Deine Lieder sind ja sehr ruhig und introvertiert. Kannst du auch mal ausrasten, richtig sauer werden?

Ja natürlich. Ich habe ein sehr anständiges Temperament, und die Leute sind manchmal überrascht, wenn ich das erzähle. Aber jeder wird sauer, ich bin auch ein normaler Mensch. Wenn jemand auf der Autobahn meine Fahrbahn schneidet, werde ich richtig wütend. In Haldern bin ich fast in einen Kampf geraten. Ein paar Idioten, vielleicht zehn Leute, waren ziemlich grob zu den Bedienungen in einem Restaurant, in dem wir waren. Sie fingen auch an, Sachen zu mir zu sagen, also hab ich zurück geschrien: "Fuck you! Wenn ihr was zu sagen habt, sagt es mir ins Gesicht!" Dann haben sie aufgehört.

Ich glaube nicht, dass Wut etwas Gutes ist, aber manchmal muss man für sich selbst oder andere einstehen. Das mache ich. So war ich vorher nicht, aber eine Scheidung verändert einen auch. Ich bin nicht mehr so entspannt, wie ich es mal war. Aber die Musik hilft mir, dahin zurück zu kommen.

Deine beiden Eltern sind blind, ist da auch ein genetischer Aspekt dabei?

Nein. Das ist eine gute Frage. Sie waren beide Frühgeburten, sie waren sieben Monate alt. Wenn das heute passiert wäre, wären sie in Ordnung.

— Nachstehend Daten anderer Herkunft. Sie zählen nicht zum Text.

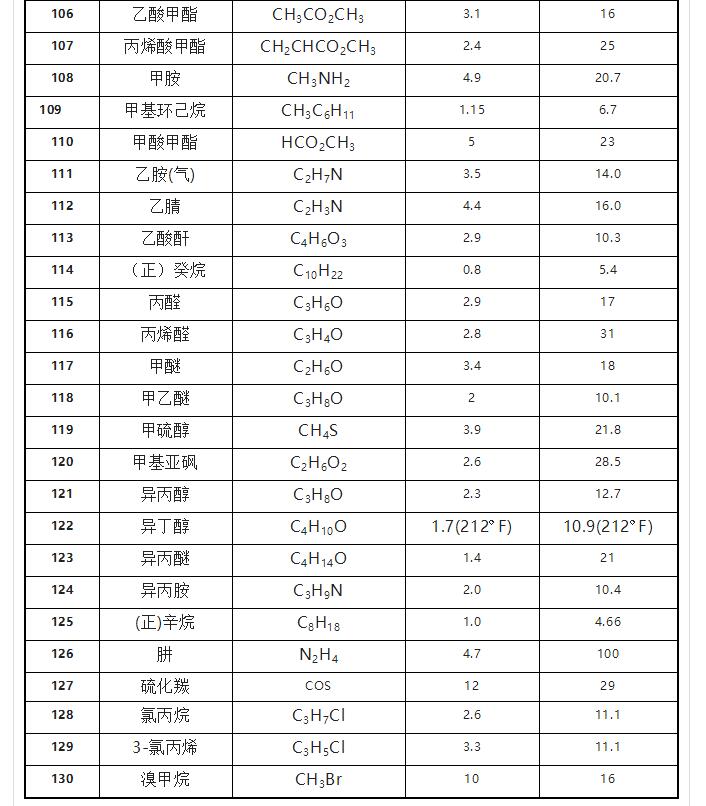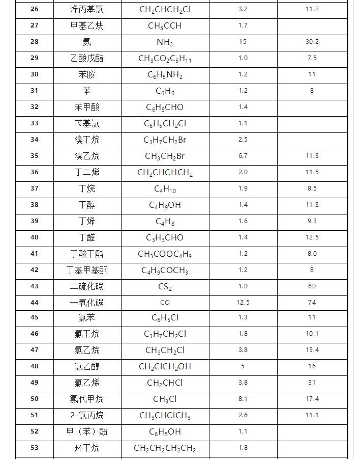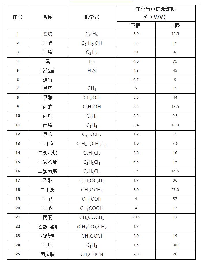 ③常見(jiàn)物質(zhì)的爆炸極限如下,僅供參考:
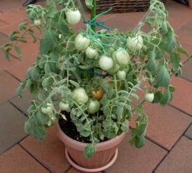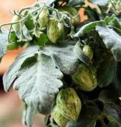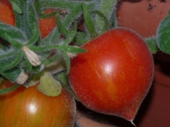 De kleinste tomaatjes in ons sortiment noemen we kerstomaatjes of pingpongtomaatjes, naargelang de grootte. Enkele variëteiten zijn langwerpig of hartvormig en krijgen navenant een iets andere benaming. Sommige zijn zelfs oorspronkelijke, wilde soorten. De meesten smaken extra zoet, een enkeling heeft een zoetzure smaak. Kerstomaten liggen het dichtst bij de oorspronkelijke soorten, wellicht daardoor zijn ze o.h.a. beter bestand tegen de gevreesde aardappelziekte. Geweldig mooie plant, compact van groei (30-60 cm hoogte slechts) en zowel de bladeren en de vruchten zijn sierlijk behaard. Ideaal voor potten, balkonbakken, vierkante metertuintjes etc. De rode, iets geel gemarmerde vruchten zijn wat verschillende in grootte, van zeer klein tot klein, zoet en zacht van smaak.
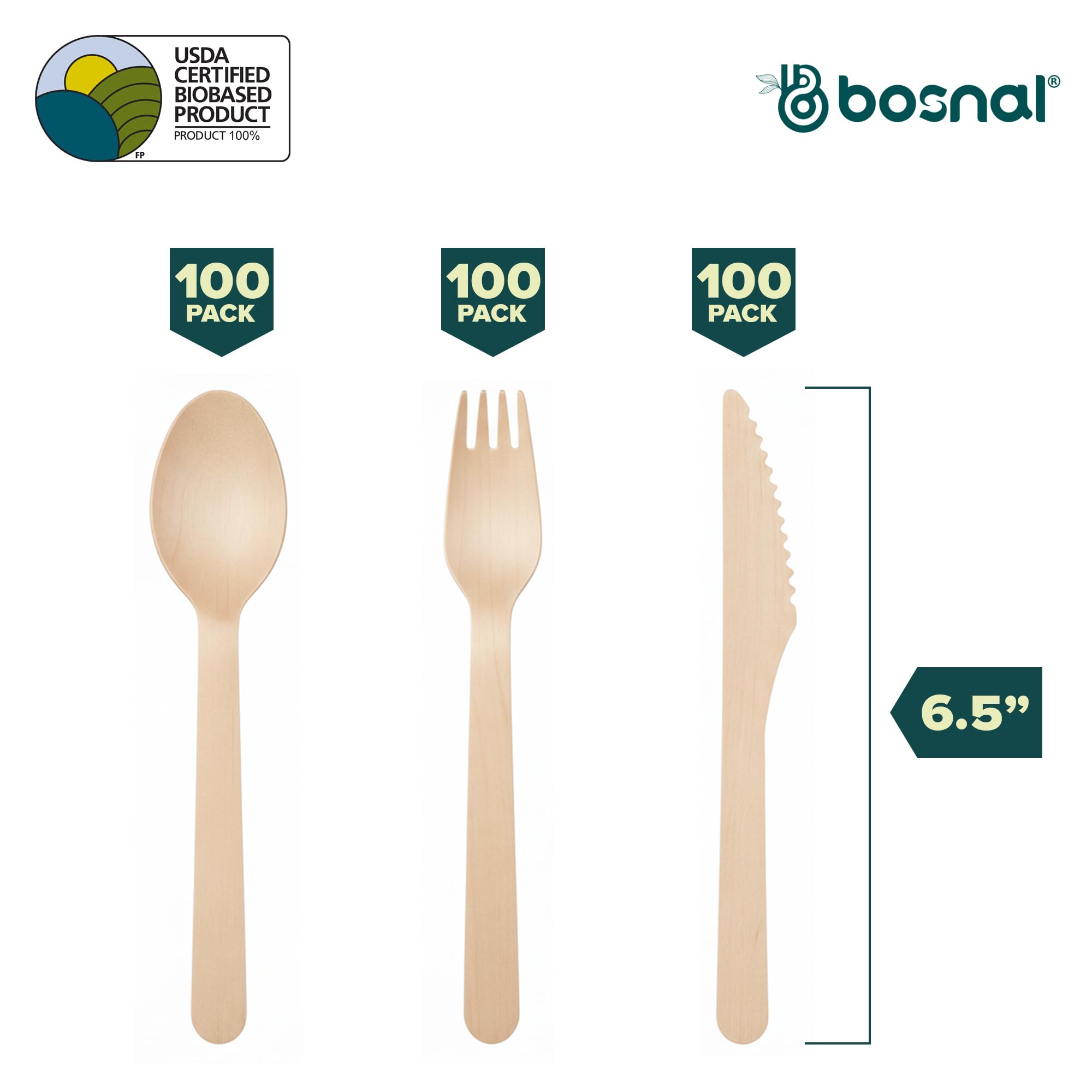 Material & Safety: Made from 100% natural smooth wood. This 300-piece wooden cutlery set includes 100 spoons, 100 forks and 100 knives. BPA-free, plastic-free, compostable and biodegradable - safe for everyday food use.
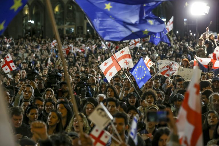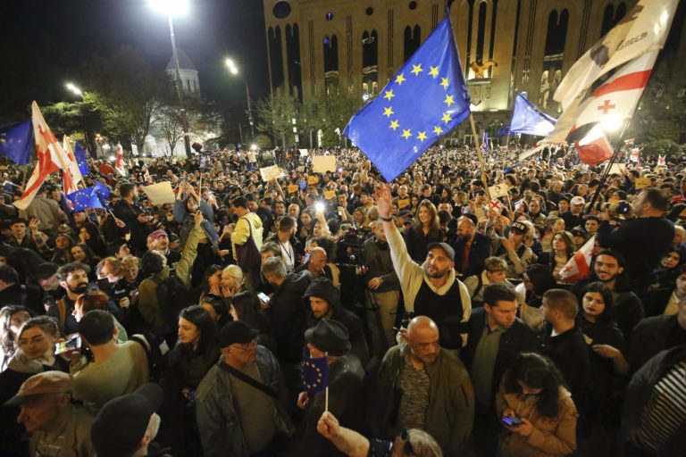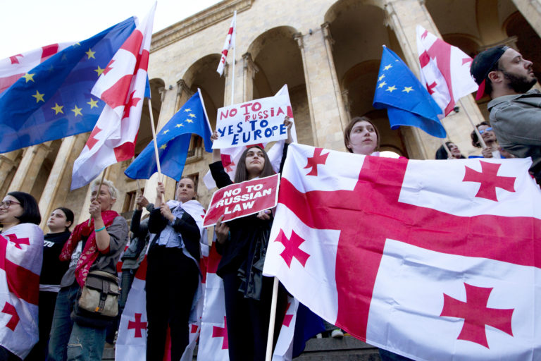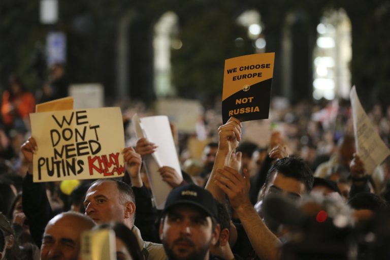 Podľa návrhu by museli všetky mimovládne organizácie, ktoré získavajú viac ako 20 percent svojich financií zo zahraničia, podávať každoročne vyhlásenie. Podobná legislatíva platí v Rusku, pričom tam sa používa najmä na umlčiavanie disentu. Na snímke demonštrácie v Gruzínsku proti návrhu zákona o zahraničných agentoch. (AP Photo/Zurab Tsertsvadze)
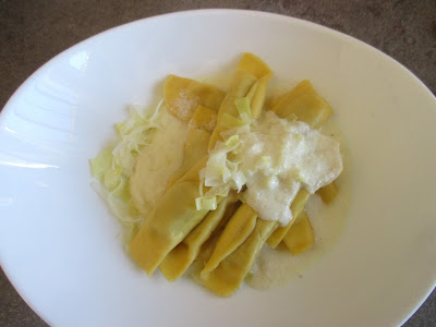 Prepare the sauce Mornay. Reheat the sauce and add the two cheeses with butter. Stir until a smooth sauce. United now the leeks and stir well. In a pot of boiling hot water cook casoncelli. When they are ready, put them in a bowl and toss with the sauce. Mix well and serve hot
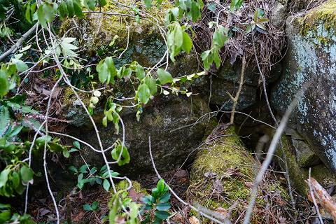 右側壁の石積み。
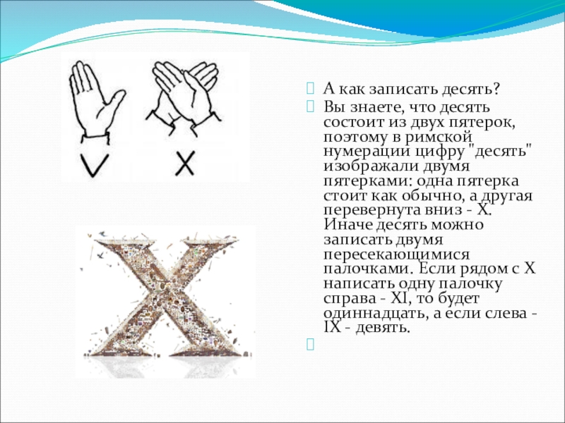 поэтому в римской нумерации цифру "десять" изображали двумя пятерками: одна пятерка стоит как обычно, а другая перевернута вниз - X. Иначе десять можно записать двумя пересекающимися палочками. Если рядом с X написать одну палочку справа - XI, то будет одиннадцать, а если слева - IX - девять.
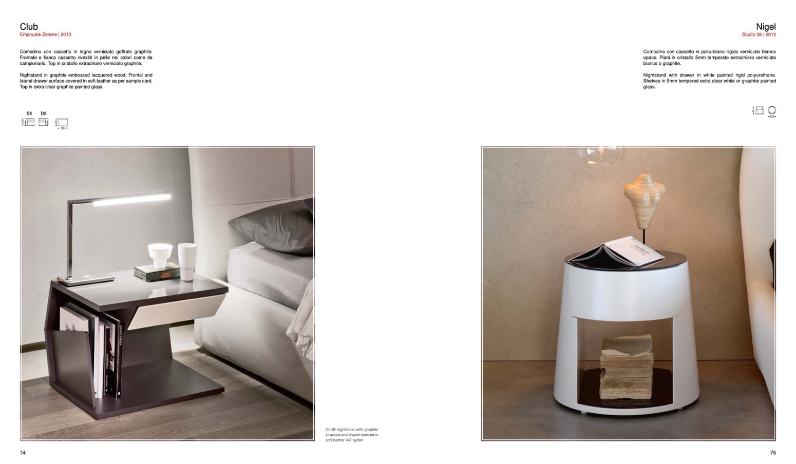Nightstand in graphite embossed lacquered wood. Frontal and
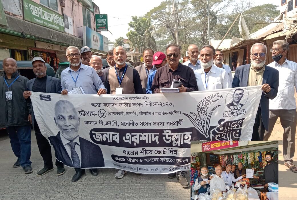 চট্টগ্রামে-৮ সংসদীয় আসন ধানের শীষের বিএনপি মনোনীত প্রার্থী ও মহানগর আহ্বায়ক আলহাজ্ব এরশাদ উল্লাহ’র সমর্থনে ধানের শীষে ভোট চাইলেন আশি’র দশকের ছাত্রদল নেতৃবৃন্দ।
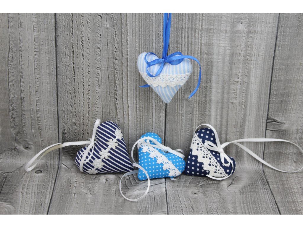 Dekorační látková srdíčka sladěné do modrých barev.
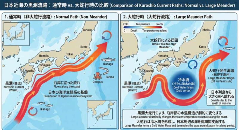 それこそが、2017年に発生し、日本の海を長きにわたって支配し続けた**「黒潮大蛇行」**です。
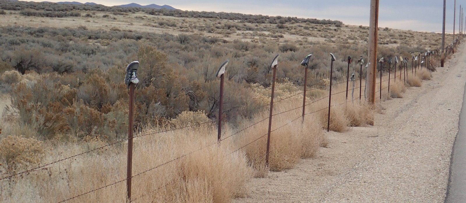 Heading out, we took a stop early on to add some old boots to the shoe fence. I couldn’t tell you the history of why many miles of fence have shoes on them, but they do - so we added a pair of absolutely worn out winter boots from one of the kids. Most of the stuff our kids outgrow gets passed on to other families with kids (our church has a ton of kids, and clothing just circulates around in large bags and boxes), but this set of boots was coming apart so badly it wasn’t repairable. On the fence they go!
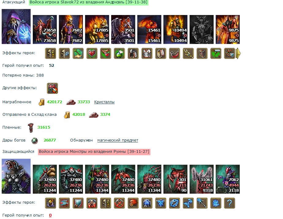 При подходе к сокровищнице монстров была разработана тактика как вывести часть войск неприятеля из боя и тут помог еще один древний свиток врученный от чародеев.
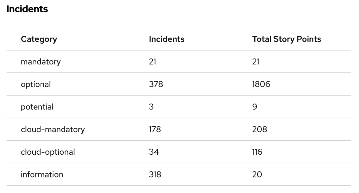 这些问题(也称为事件)具有严重性(必需、可选、潜在或信息)、工作量级别,以及指示故事点的数字。 故事点数通过计算事件数量乘以解决问题所需的工作量来确定。

Aber damals waren die Brutkästen noch nicht so gut. Sie gaben den Kindern zu viel Sauerstoff, dadurch bekamen sie Sauerstofftoxikosen, also zu viel Sauerstoff im Gehirn, das hat ihren Okzipitallappen beschädigt, sowie Teile der Augen. Dadurch wurden sie blind, also da ist überhaupt kein genetischer Aspekt dabei.

Das passierte oft in den 50er Jahren. Viele Kinder verloren ihr Gehör oder ihre Sehkraft, aber damals hatten sie die Wahl, dass die Kinder vielleicht blind werden könnten, oder dass sie sterben. Daher haben sie die richtige Entscheidung getroffen. Ich habe zwar schlechte Augen, aber das hat damit nichts zu tun. (lacht)

Zur Verabschiedung mahnt er mich noch, die Psychologie nicht aufzugeben. Wir könnten ja zusammen eine Praxis aufmachen.